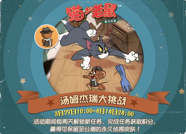 另外在本次测试期间,开发组还为大家准备了诚意满满的每日挑战任务哦。完成任务可以赢取丰厚好礼,每两天游戏内解锁新挑战任务,完成累积登录、匹配对战等任务即可获得相应积分。当累积到35积分时,你便能赢得珍贵的永久侦探杰瑞皮肤——上海滩探长!
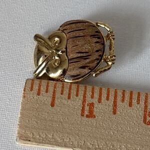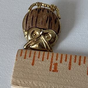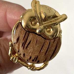 Vintage Owl Brooch Pin Gold Tone MCM Wood Belly Wise
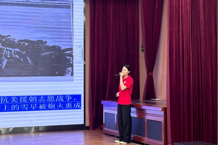 “第二代”宣讲人——理论电费理论“红心向党”宣讲团成员金冉同学,接过宣讲的接力棒,以青春的视角深刻诠释红色精神的时代价值。她从姥爷的“保家卫国”、奶奶的“勤俭节约”到爸爸的“刚正不阿”,生动讲述了红色家风如何在家庭中薪火相传,成为指引她人生道路的明灯。
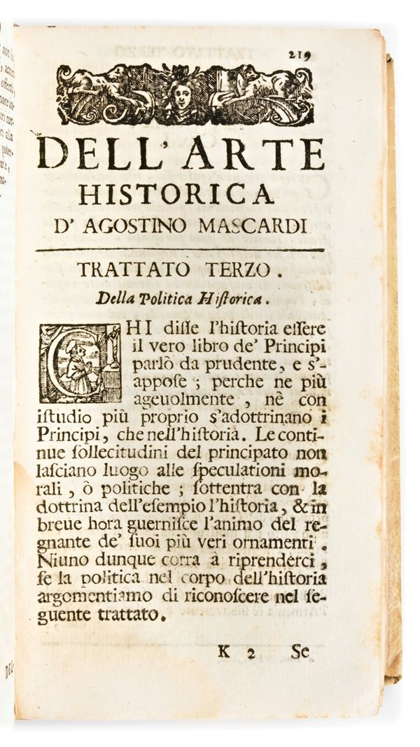 [Storia] Mascardi, Agostino: Dell'arte historica ...Trattati cinque, in questa ultima impressione, con ogni diligenza rivisti, e corretti. Venezia, per Nicolò Pezzana, 1674
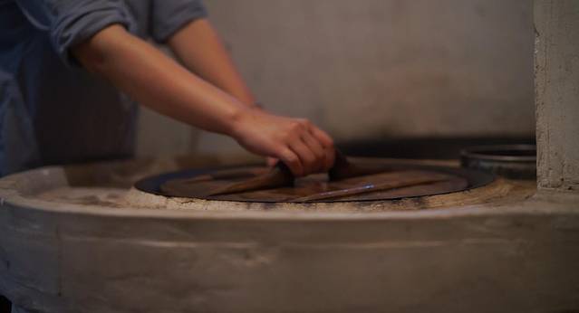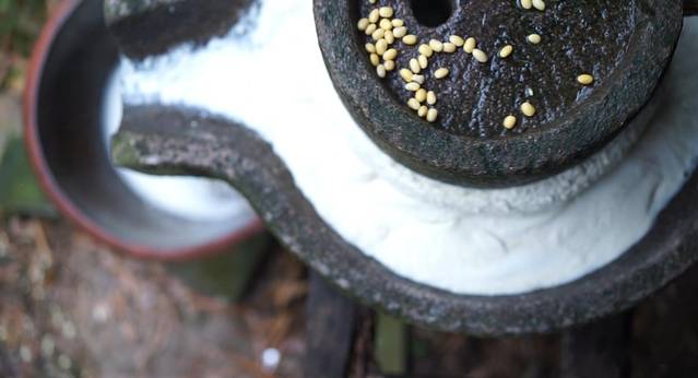 然后用石磨手工磨豆,把黄豆打成生豆浆。
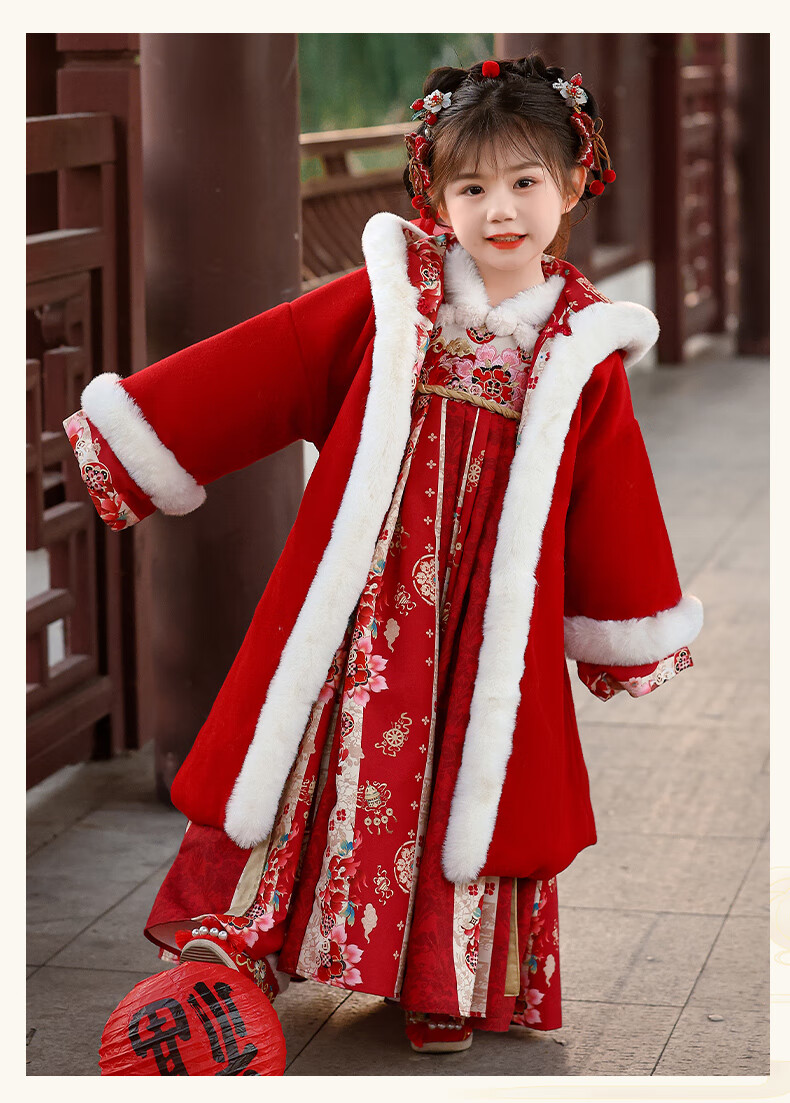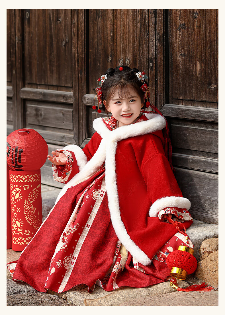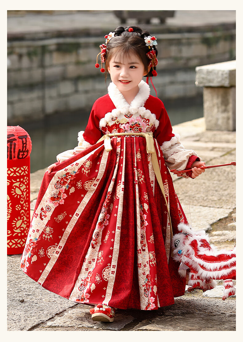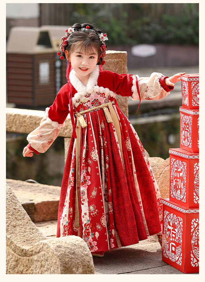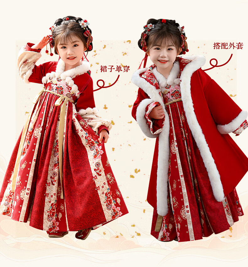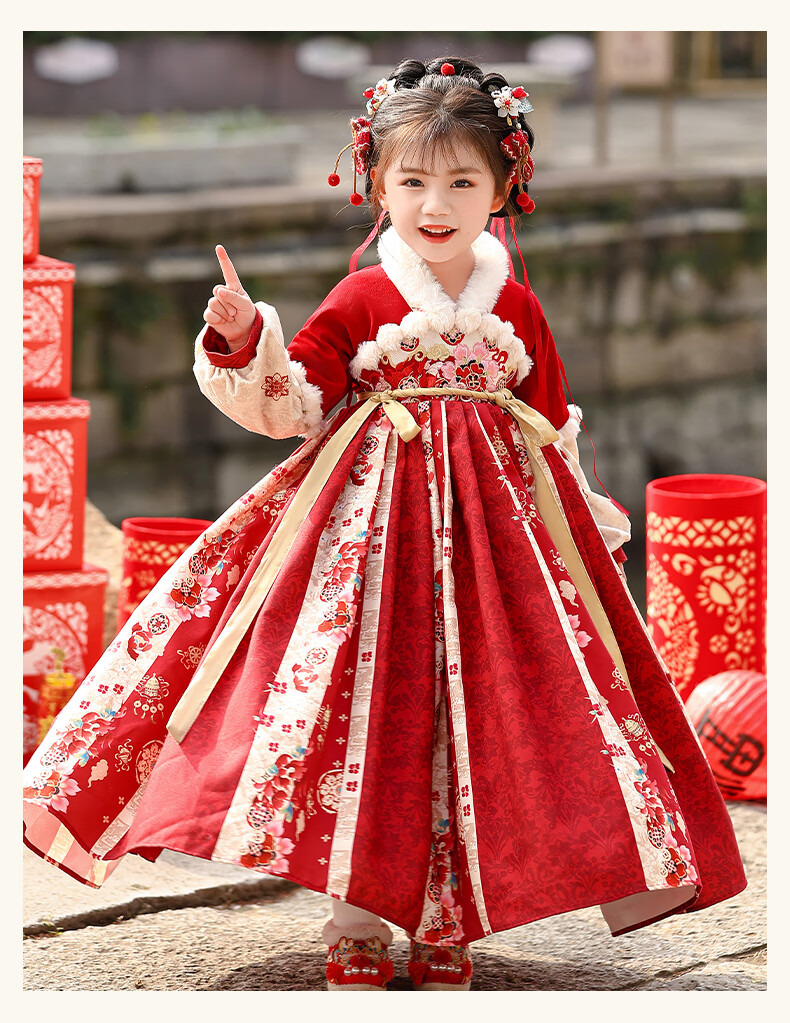 Pamino Hanfu Girls Winter Chinese Style Tang Suit Girls New Year Skirt Winter Clothes Children New Year Clothes Skirt 120
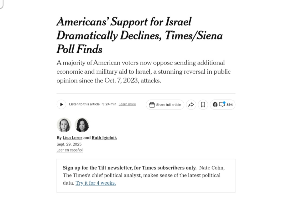 نظرسنجی نیویورک تایمز: حمایت آمریکاییها از اسرائیل شدیدا کاهش پیدا کرده، ۴۰ درصد میگویند اسرائیل عمداً غیرنظامیان را میکشد
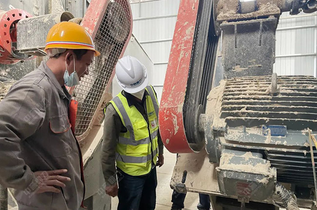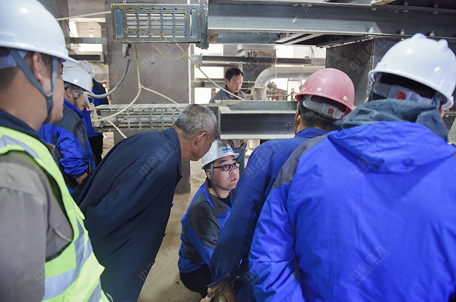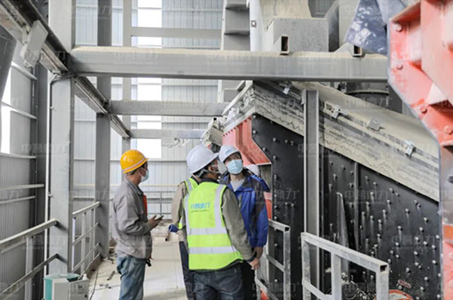 聽完項(xiàng)目負(fù)責(zé)人尚總對項(xiàng)目的情況介紹后,售后服務(wù)萬里行團(tuán)隊(duì)一行來到時(shí)產(chǎn)1000噸石子生產(chǎn)線現(xiàn)場,對設(shè)備使用情況進(jìn)行詳細(xì)排查與維修。

REQUIREMENT: Each entry must be set down word for word; no image may be carried over.

RESPONSE BOX:
 另外在本次测试期间,开发组还为大家准备了诚意满满的每日挑战任务哦。完成任务可以赢取丰厚好礼,每两天游戏内解锁新挑战任务,完成累积登录、匹配对战等任务即可获得相应积分。当累积到35积分时,你便能赢得珍贵的永久侦探杰瑞皮肤——上海滩探长!
 Vintage Owl Brooch Pin Gold Tone MCM Wood Belly Wise
 “第二代”宣讲人——理论电费理论“红心向党”宣讲团成员金冉同学,接过宣讲的接力棒,以青春的视角深刻诠释红色精神的时代价值。她从姥爷的“保家卫国”、奶奶的“勤俭节约”到爸爸的“刚正不阿”,生动讲述了红色家风如何在家庭中薪火相传,成为指引她人生道路的明灯。
 [Storia] Mascardi, Agostino: Dell'arte historica ...Trattati cinque, in questa ultima impressione, con ogni diligenza rivisti, e corretti. Venezia, per Nicolò Pezzana, 1674
 然后用石磨手工磨豆,把黄豆打成生豆浆。
 Pamino Hanfu Girls Winter Chinese Style Tang Suit Girls New Year Skirt Winter Clothes Children New Year Clothes Skirt 120
 نظرسنجی نیویورک تایمز: حمایت آمریکاییها از اسرائیل شدیدا کاهش پیدا کرده، ۴۰ درصد میگویند اسرائیل عمداً غیرنظامیان را میکشد
 聽完項(xiàng)目負(fù)責(zé)人尚總對項(xiàng)目的情況介紹后,售后服務(wù)萬里行團(tuán)隊(duì)一行來到時(shí)產(chǎn)1000噸石子生產(chǎn)線現(xiàn)場,對設(shè)備使用情況進(jìn)行詳細(xì)排查與維修。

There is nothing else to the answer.